The project fizzled but by then Bromhead had been accorded a WIT honorary degree in industrial design. Thereby hangs another tale.
"The day before the [installation] ceremony they said they didn't have the correct gown, would I wait until the next graduation? I was happy about that, I was using the title but wanted proof I was entitled to, getting no response from the new CEO, my solicitor wrote, then I thought `bugger it, if it takes a lawyer's letter I won't bother'."
Both hemispheres have honoured him. He's a member of the New Zealand's Order of Merit for services to cartooning; Denmark's presented him with a Prince Hendrikse Medal for industrial design.
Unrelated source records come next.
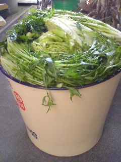 味付けは、いつもいい加減に「なりゆき」でしているので、こういうときにつぶしが効かない。鍋で調味料液(醤油と味噌と練りごま、砂糖酒など)を作り、少し薄めにしておいた。←これが大事だった。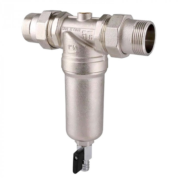 Фильтр самопромывной Tiemme Ø1 1/4″ 3130SM (3130041) ГВ 95°C/100 μ/25 bar – это высококачественный фильтр итальянского производства, который предназначен для механической фильтрации горячей воды (max. 95°C) от мелких и средних нерастворимых примесей. Такой фильтр разработан для эффективной защиты от засорения сантехники, различных бытовых приборов (бойлер, стиральная и посудомоечная машинка, котел и др.) от взвешенных механических примесей и связанных с ними поломок.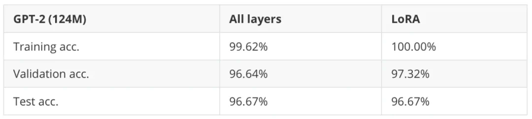 可以看到,完整微调(所有层)和 LoRA 在数据集上获得了相似的测试集性能。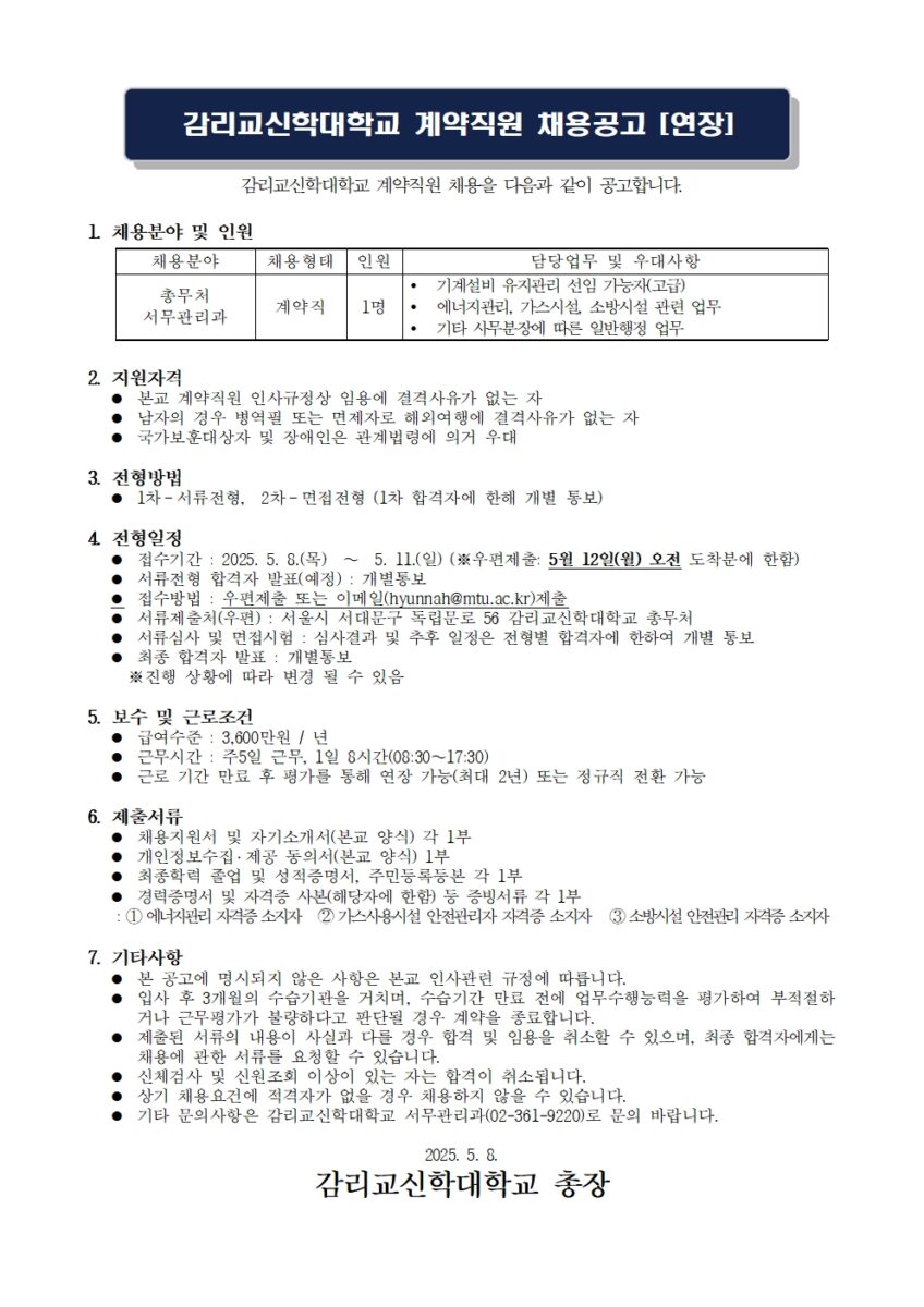 첨부파일 2025년_감리교신학대학교-계약직원-채용을-다음과-같이-공고합니다.총무처-서무관리과_기계설비유지관리_연장001.jpg 20250508-채용공고문_총무처_연장.pdf 직원채용-지원서서식_총무처-서무관리과기계설비-운전-및-유지관리와-일반행정-업무.hwp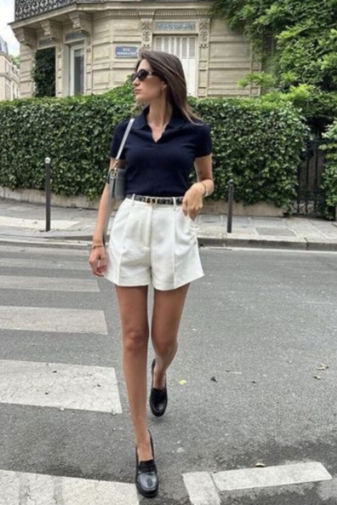 A striped blouse paired with tailored shorts is light, breezy, and still looks put-together. It works especially well for summer Fridays or semi-casual offices. Keep the stripes subtle and the shorts structured so the outfit feels intentional.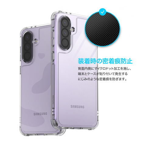 背面内側にマイクロドット加工を施し、端末とケースが貼り付いて発生するにじみのような密着痕を防ぎます。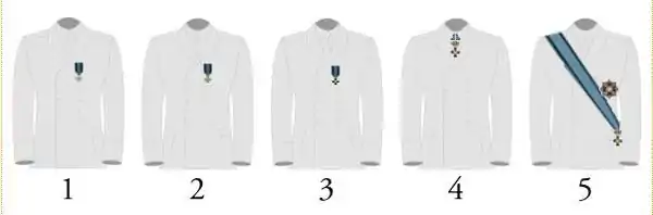 | 1 – Срібний Хрест, 2 – Золотий Хрест', 3 – Кавалерський Хрест, 4 – Командорський Хрест, 5 – Великий Хрест (з зіркою)| | ||||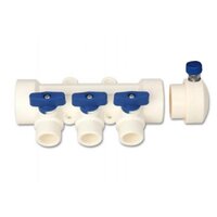 Коллектор запорный проходной KALDE - 40 на 4 контура 20 (с воздухоотводчиком, цвет ручек красный)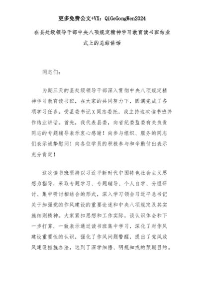 【七哥公文】2025年:在县处级领导干部中央八项规定精神学习教育读书班结业式上的总结讲话+更多免费公文+VX:QiGeGongWen2024+更多免费公文+VX:QiGeGongWen2024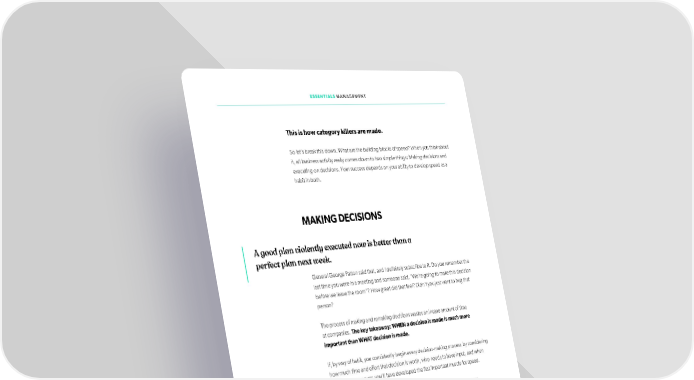 ESSENTIALS MANAGEMENT This is how category killers are made. So let’s break this down. What are the building blocks of speed? When you think about it, all business activity really comes down to two simple things: Making decisions and executing on decisions. Your success depends on your ability to develop speed as a habit in both. MAKING DECISIONS A good plan violently executed now is better than a perfect plan next week. General George Patton said that, and I deifnitely subscribe to it. Do you remember the last time you were in a meeting and someone said, “We’re going to make this decision before we leave the room”? How great did that feel? Didn’t you just want to hug that person? The process of making and remaking decisions wastes an insane amount of time at companies. The key takeaway: WHEN a decision is made is much more important than WHAT decision is made. If, by way of habit, you consistently begin every decision-making process by considering how much time and effort that decision is worth, who needs to have input, and when you’ll have an answer, you’ll have developed the ifrst important muscle for speed. This isn’t to say all decisions should be made quickly. Some decisions are more complicated or critical than others. It might behoove you to wait for more information. Some decisions can’t be easily reversed or would be too damaging if you choose poorly. Most importantly, some decisions don’t need to be made immediately to maintain downstream velocity. Deciding on when a decision will be made from the start is a profound, powerful change that will speed everything up. In my many years at Google, I saw Eric Schmidt use this approach to decision-making on a regular basis — probably without even thinking about it. Because founders Larry and Sergey were (and are) very strong-minded leaders involved in every major decision, Eric knew he couldn’t make huge unilateral choices. This could have stalled a lot of things, 44

It's three lesser accolades that genuinely impress him, one followed a colonoscopy declaring his bowels "well prepared".
A second certificate came a couple of weeks ago, confirming he's a `fit and proper' person to have access to his young sons.
"I was sent on this parenting course, good Lord, I've been a parent since the 1950s. Those two certificates and a neck tag from a recent literary event declaring me a writer are on my studio wall, the medals are in a drawer somewhere."
Bromhead, four score years and three, surely not? "I don't feel it, that's the problem."
PETER BROMHEAD ONZM
Born: Portsmouth, UK, 1933.
Education: Locally, Naval College.
Family: Four sons, three daughters. "There're 54 years between my oldest and youngest."
Interests: Writing, writing, writing, drawing, painting (has won Benson & Hedges art award and is represented in major galleries), cooking, tennis "a hernia wrote off my playing days."
On cartooning: "It's like taking your brain on an exercycle."
On Rotorua: "Living here's economical, a meat pie's $5, in Auckland $7-$8, I owe my 83 years to a steady diet of pies, chips and bad food."
Personal philosophy: "It's very important to be well mannered."